_TASK REQUIREMENTS_: Without any pictures, print the lines below from the one that has "カラースリーブシャツ ハイウェストウェストルーズスリム ナナファッション94626667685" through the one that has "seção iOS selecione a opção cocos2d v2.x.", exactly and nothing else.

------------------------------------------------------------------------

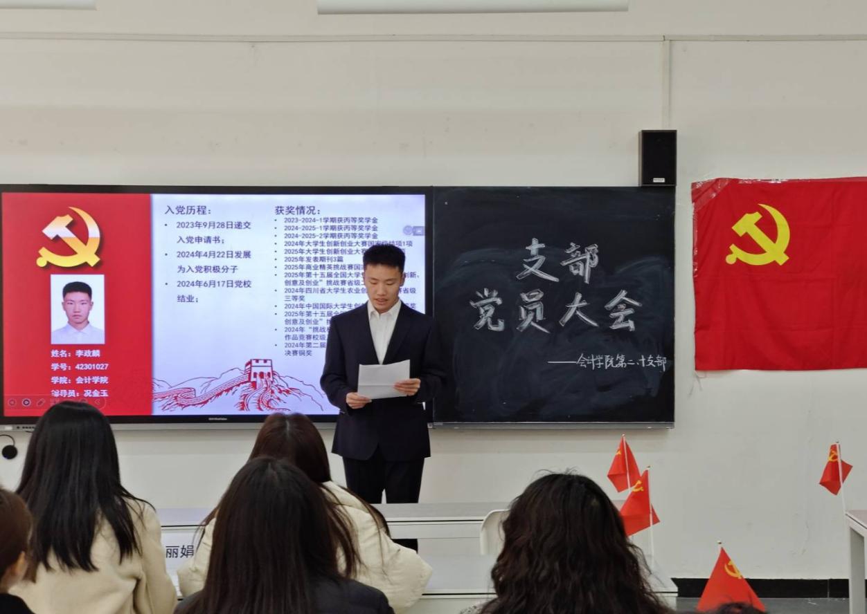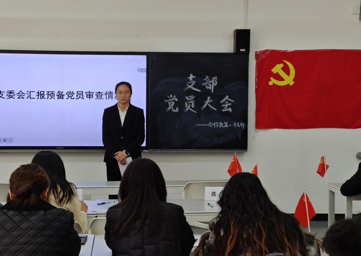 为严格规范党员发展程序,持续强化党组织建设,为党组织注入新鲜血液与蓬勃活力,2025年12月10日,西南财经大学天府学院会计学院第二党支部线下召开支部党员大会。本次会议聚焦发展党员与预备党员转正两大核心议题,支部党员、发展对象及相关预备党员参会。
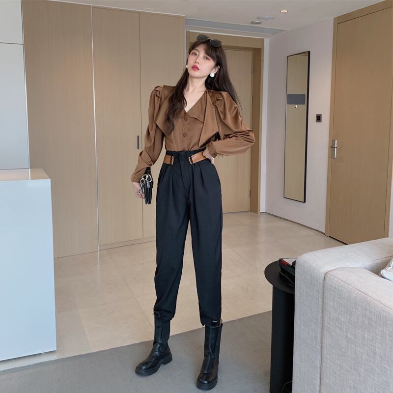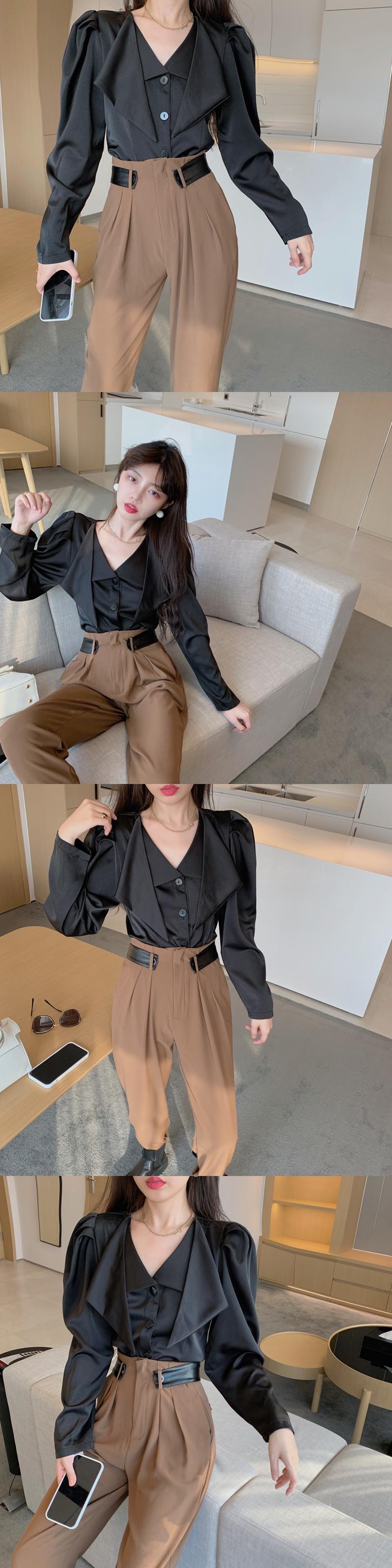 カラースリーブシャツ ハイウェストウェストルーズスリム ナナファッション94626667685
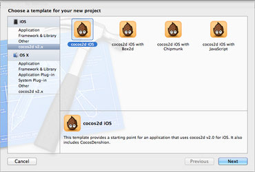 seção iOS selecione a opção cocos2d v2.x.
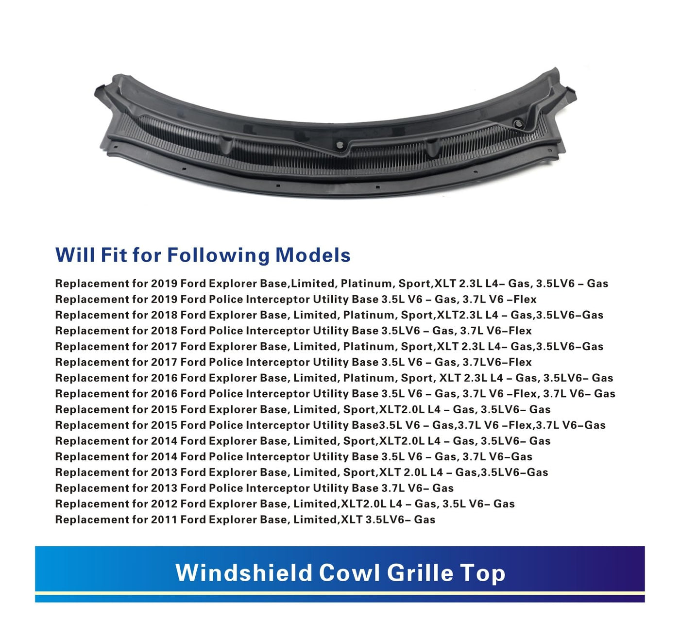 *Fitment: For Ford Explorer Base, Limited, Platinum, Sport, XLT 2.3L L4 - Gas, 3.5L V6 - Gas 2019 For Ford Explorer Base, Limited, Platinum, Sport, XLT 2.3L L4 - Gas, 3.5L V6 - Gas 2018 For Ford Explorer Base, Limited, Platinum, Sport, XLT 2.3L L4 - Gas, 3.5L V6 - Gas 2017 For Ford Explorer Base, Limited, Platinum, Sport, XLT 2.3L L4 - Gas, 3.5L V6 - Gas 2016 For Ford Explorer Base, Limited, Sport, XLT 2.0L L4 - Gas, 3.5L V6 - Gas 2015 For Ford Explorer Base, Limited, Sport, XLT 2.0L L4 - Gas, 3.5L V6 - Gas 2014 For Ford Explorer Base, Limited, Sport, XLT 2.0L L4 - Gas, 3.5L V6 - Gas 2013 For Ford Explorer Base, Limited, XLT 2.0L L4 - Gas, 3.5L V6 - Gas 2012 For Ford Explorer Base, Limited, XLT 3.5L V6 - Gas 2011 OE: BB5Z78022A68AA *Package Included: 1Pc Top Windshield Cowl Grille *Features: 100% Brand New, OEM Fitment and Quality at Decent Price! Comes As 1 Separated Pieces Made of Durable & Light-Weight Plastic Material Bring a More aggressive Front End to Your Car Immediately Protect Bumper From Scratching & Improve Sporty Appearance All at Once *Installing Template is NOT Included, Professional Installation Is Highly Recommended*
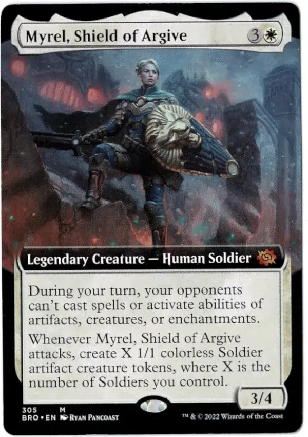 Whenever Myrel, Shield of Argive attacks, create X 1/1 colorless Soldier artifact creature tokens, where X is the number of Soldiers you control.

------------------------------------------------------------------------

_SOLUTION TO THIS TASK_:
 カラースリーブシャツ ハイウェストウェストルーズスリム ナナファッション94626667685
 seção iOS selecione a opção cocos2d v2.x.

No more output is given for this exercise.